В дверях стоит высокий молодой дяденька с очень светлыми редкими волосами. Шапку он мнет в руках.
— Ну, проходи же, не стой! Что за манера такая — стоять на пороге? Павел, ты знаешь, кто это?
— Не имею чести, — отвечает папа.
— Это Стасик, мой двоюродный брат, сын дяди Саши. Мне казалось, вы знакомы… Он до войны приезжал однажды, но ты, очевидно, в это время был в Магнитке.
— Вполне возможно, — соглашается папа.
— Ну, садись же, садись, не стой! — уговаривает мама своего двоюродного брата. — Как ты изменился — я бы на улице тебя не узнала.

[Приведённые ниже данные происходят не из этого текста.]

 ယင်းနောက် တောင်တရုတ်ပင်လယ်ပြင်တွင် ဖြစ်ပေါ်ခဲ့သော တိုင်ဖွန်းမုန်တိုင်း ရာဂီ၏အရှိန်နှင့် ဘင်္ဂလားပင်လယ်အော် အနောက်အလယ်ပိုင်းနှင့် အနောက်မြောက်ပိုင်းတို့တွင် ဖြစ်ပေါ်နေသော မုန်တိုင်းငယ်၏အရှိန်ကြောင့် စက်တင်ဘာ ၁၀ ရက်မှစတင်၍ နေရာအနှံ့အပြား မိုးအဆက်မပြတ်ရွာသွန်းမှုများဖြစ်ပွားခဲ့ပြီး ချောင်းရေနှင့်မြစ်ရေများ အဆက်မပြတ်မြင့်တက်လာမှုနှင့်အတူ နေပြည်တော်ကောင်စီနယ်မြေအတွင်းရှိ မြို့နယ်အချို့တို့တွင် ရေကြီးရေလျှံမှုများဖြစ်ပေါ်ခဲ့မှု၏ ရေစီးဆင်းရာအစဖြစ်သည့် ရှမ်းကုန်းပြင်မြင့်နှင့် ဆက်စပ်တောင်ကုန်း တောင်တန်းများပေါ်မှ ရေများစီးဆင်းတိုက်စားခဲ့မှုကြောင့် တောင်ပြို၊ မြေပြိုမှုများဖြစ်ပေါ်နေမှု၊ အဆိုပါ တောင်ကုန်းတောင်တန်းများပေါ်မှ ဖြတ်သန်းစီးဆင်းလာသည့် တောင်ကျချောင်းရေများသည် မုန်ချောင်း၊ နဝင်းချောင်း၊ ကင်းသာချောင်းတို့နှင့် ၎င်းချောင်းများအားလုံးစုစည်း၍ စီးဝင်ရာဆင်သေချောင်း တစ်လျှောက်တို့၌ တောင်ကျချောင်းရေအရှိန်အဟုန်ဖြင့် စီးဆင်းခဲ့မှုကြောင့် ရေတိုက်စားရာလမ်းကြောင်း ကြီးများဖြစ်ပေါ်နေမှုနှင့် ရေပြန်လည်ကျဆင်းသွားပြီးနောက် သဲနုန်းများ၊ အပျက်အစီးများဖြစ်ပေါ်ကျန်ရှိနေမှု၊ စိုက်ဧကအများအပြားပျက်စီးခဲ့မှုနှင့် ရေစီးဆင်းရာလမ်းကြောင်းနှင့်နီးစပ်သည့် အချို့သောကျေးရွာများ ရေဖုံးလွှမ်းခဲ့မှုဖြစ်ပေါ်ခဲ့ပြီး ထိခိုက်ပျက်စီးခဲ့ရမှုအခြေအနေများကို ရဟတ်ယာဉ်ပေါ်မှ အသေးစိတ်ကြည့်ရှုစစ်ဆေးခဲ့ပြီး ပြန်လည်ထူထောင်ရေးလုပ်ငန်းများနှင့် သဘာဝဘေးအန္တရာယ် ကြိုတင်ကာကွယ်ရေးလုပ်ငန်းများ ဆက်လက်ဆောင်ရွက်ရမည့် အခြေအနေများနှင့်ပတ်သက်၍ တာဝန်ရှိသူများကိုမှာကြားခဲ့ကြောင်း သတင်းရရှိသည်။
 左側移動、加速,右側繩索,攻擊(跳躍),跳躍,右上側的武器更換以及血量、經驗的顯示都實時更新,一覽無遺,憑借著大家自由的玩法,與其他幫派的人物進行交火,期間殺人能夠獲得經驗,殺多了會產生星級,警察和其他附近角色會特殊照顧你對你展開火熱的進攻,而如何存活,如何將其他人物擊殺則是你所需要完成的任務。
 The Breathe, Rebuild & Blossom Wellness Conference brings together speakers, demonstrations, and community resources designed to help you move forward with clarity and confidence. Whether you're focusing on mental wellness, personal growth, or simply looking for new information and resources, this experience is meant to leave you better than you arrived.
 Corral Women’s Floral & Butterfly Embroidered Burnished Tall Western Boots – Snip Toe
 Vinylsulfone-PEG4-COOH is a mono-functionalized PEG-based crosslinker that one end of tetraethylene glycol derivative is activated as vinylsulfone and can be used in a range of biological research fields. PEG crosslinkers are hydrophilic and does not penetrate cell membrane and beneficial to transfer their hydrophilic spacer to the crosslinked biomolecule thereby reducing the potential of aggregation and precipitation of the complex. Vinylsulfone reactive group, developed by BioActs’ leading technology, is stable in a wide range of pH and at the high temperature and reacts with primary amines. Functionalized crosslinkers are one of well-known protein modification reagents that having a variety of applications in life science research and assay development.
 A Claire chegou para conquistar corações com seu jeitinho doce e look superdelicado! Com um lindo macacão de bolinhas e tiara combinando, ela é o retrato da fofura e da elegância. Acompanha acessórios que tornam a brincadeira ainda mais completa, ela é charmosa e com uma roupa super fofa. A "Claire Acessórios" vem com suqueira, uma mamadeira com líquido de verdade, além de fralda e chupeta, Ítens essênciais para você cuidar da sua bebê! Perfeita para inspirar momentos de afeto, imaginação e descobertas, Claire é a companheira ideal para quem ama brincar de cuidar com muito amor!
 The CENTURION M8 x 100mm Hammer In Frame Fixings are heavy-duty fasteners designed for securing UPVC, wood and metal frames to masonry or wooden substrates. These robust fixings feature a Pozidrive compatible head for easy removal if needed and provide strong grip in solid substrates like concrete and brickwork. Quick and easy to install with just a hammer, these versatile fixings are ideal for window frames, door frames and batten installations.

— Лет немало прошло. — Стасик садится и кладет шапку на колени.
— Пойду маму позову, она обрадуется, — говорит мама. — Верно, у соседки лясы точит.
— Особо-то радоваться нечему… — хмурится Стасик. — Я по случаю, можно сказать, заехал… Мы, между прочим, Павел Александрович, роман ваш читали. Читали… И папаша с мамашей очень вам, между прочим, уважение свое высказывали.
Папа покашливает.
— Вы вот про Сталинград пишете. Воевали, значит… Много чего, значит, повидали… А я лично, так сказать, к фрицам в плен подался. — Стасик все мнет свою шапку. — При первой возможности, как говорится. Очень мы тогда на большевиков недовольные были. Все тогда полагали, что немцы, дескать, иначе жизнь поставят. А они, гады, еще похуже наших вышли. Но что? На мое счастье, тогда, в начале-то, родственников забирать разрешали. Так что меня благодаря этому одна женщина взяла, сыном признала. Тетенька Лиза вам это, верно, рассказывала…
— Нет, — говорит папа, — ничего подобного она не рассказывала. Единственно, что она рассказывала, это как ваши папаша с мамашей выставили ее на улицу и при этом еще обокрали.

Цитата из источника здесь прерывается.